Which operating system is best for SSDs?

Most modern-day operating systems play well with the new storage technology

"NAND [flash memory] fundamentally has native 4K block sizes. Anything that's not aligned to a 4K block creates extra challenges," Sykes said. "There ends up being background operations to garbage-collect that empty space [in larger file blocks] that isn't fully utilized. And, so that activity is chewing up your bandwidth in the background, and it adds extra wear to the NAND [flash memory]."

According to Dean A. Klein, vice president of memory system development at Micron, Apple's platform seems to perform better with SSDs than Windows systems. "It boots better," he said. "Mac OS does things differently."

When Windows-based PCs boot, the BIOS does "quite a few things" while it's waiting for what would normally be a hard disk drive to spin up, Klein said. "With a MacBook, one thing you'll notice is that it boots up very quick. Our belief is that it's savvy enough to know it has an SSD in it, and it's not waiting for the SSD to spin up, and so takes some shortcuts."

Far agreed that Mac OS X is about 1 percent faster than Vista. But that's not the case when using virtualization applications such as Parallels and VMware's Fusion in Mac OS X 10.5 to run the rival operating system. When running Vista through virtualization at the same time the Mac OS is running, SSD performance is affected.
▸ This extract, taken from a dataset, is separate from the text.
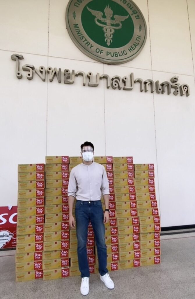 พระเอกหนุ่มสุดฮอต “มิกค์ ทองระย้า” ขอเป็นส่วนหนึ่งในการช่วยเหลือสังคมในภาวะวิกฤตโควิด 19 ที่กำลังระบาดอย่างหนักในช่วงเวลานี้ โดยได้ส่งมอบน้ำนมถั่วเหลือง บีเอสซี ซอย จำนวน 5,000 กล่อง ให้กับทางโรงพยาบาลปากเกร็ด 2 เพื่อเป็นประโยชน์แก่ผู้ป่วยโควิด 19 และเป็นกำลังใจให้กับบุคลากรทางการแพทย์ และพยาบาล ทั้งในส่วนของโรงพยาบาล และโรงพยาบาลสนาม ซึ่งงานนี้พระเอกหนุ่มเผยว่า

4KB blocks of data are more efficient

Micron's tests showed that when XP begins writing application-related data, that data is almost never aligned with the beginning of a new NAND page; it begins partway into the page and ends partially through another. "So the controller has to deal with that and come back and clean it up later," Far said. "Vista will start that write on 0 or at 8, for example. So the data structure in Vista is more aligned to 4K blocks."
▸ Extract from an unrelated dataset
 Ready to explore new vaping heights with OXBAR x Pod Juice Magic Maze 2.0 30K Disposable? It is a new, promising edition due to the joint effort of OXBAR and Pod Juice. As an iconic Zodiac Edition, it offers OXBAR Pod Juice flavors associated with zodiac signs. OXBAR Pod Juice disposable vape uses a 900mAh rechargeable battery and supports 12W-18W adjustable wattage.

In NAND flash memory, blocks consists of a number of pages and each page is either 512, 2,048 or 4,096 bytes in size. Therefore, a 4KB block more efficiently fills the memory.

Troy Winslow, marketing manager for the NAND Products Group at Intel, said, "We've even done studies showing 80 percent of all OS requests are in the 4K-to-16K range, yet many SSDs were designed on older controller technology that was requesting large file-size transactions of 128K in size. All SSDs perform best at the smaller file size."

Winslow said benchmark testing on XP and Vista indicated that the less-efficient XP machines show a 10 percent improvement in random input/output operations per second using an SSD instead of a hard drive, while Vista showed a 25 percent improvement under the same conditions.

Pat Wilkison, vice president of marketing and business development at NAND flash memory manufacturer STEC Inc., believes there's no detectable difference in SSDs performance among varying operating systems. "There just has not been any meaningful work done in optimizing for SSD," he said.